Exercise aim: Pictures must not appear in the copy. Reproduce exactly, and only, the lines from the one with "CREATE CATALOG paimon_hive" through the end of the data below.

Data section:
=-=-=-=-=

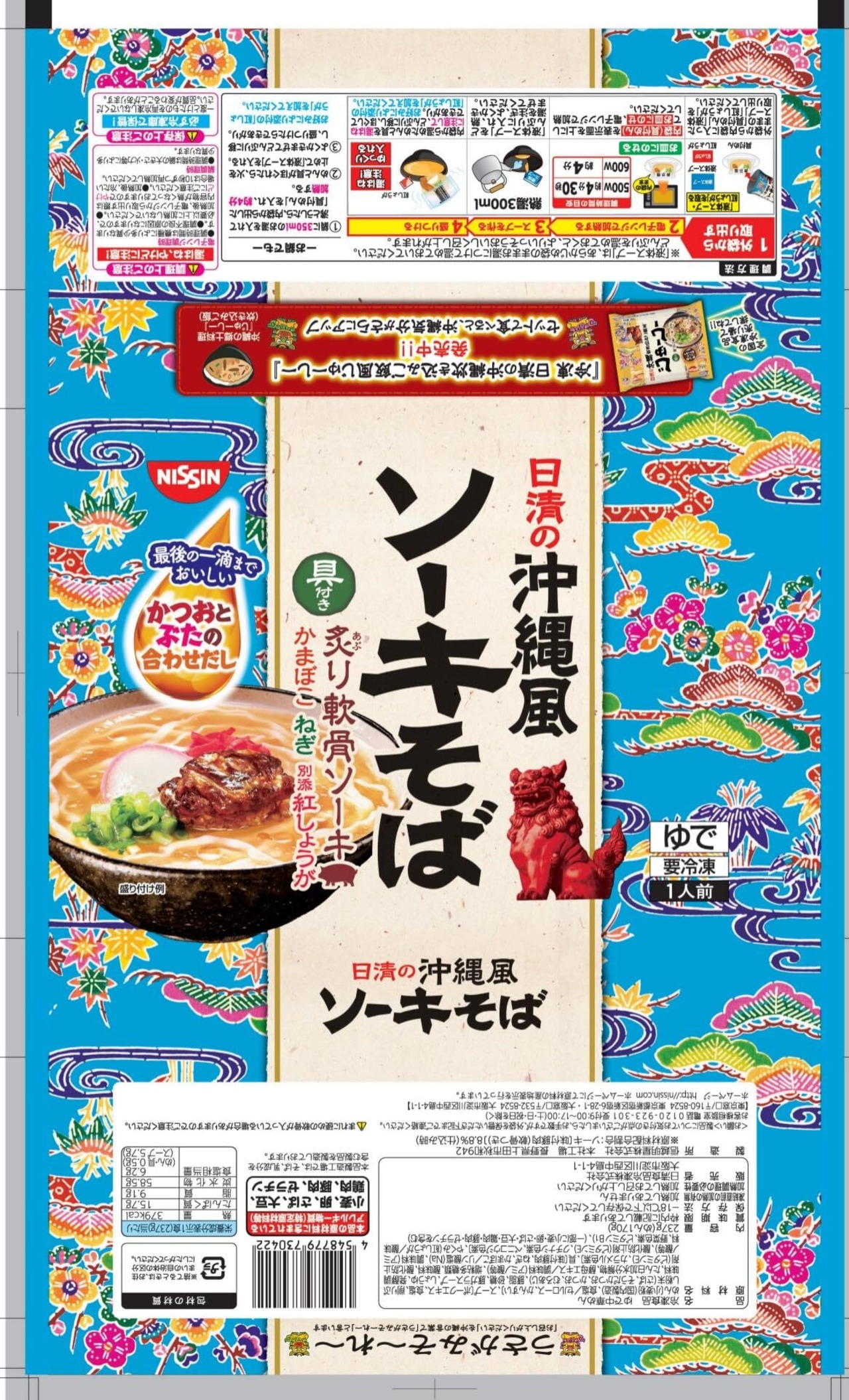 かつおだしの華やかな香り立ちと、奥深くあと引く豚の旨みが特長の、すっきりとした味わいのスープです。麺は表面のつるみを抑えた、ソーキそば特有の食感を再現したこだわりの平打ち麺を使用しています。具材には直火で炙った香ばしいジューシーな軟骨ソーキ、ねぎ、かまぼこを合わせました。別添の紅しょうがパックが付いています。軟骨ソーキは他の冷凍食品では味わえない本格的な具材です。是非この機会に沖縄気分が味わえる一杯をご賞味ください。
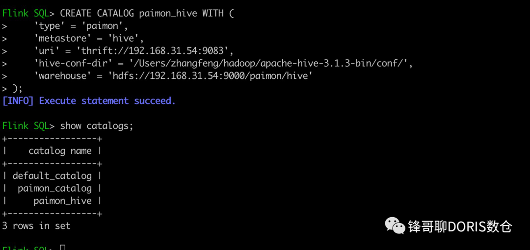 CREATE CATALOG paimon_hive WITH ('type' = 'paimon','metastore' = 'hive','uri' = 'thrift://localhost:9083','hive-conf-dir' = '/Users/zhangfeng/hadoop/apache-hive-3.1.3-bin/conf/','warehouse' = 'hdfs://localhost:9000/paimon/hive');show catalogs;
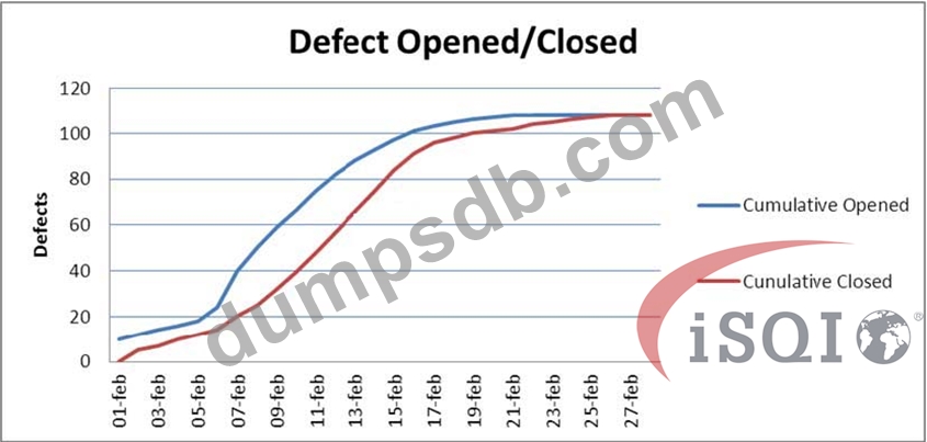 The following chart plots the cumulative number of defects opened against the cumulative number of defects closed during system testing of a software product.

=-=-=-=-=

Answer to the problem:
 CREATE CATALOG paimon_hive WITH ('type' = 'paimon','metastore' = 'hive','uri' = 'thrift://localhost:9083','hive-conf-dir' = '/Users/zhangfeng/hadoop/apache-hive-3.1.3-bin/conf/','warehouse' = 'hdfs://localhost:9000/paimon/hive');show catalogs;
 The following chart plots the cumulative number of defects opened against the cumulative number of defects closed during system testing of a software product.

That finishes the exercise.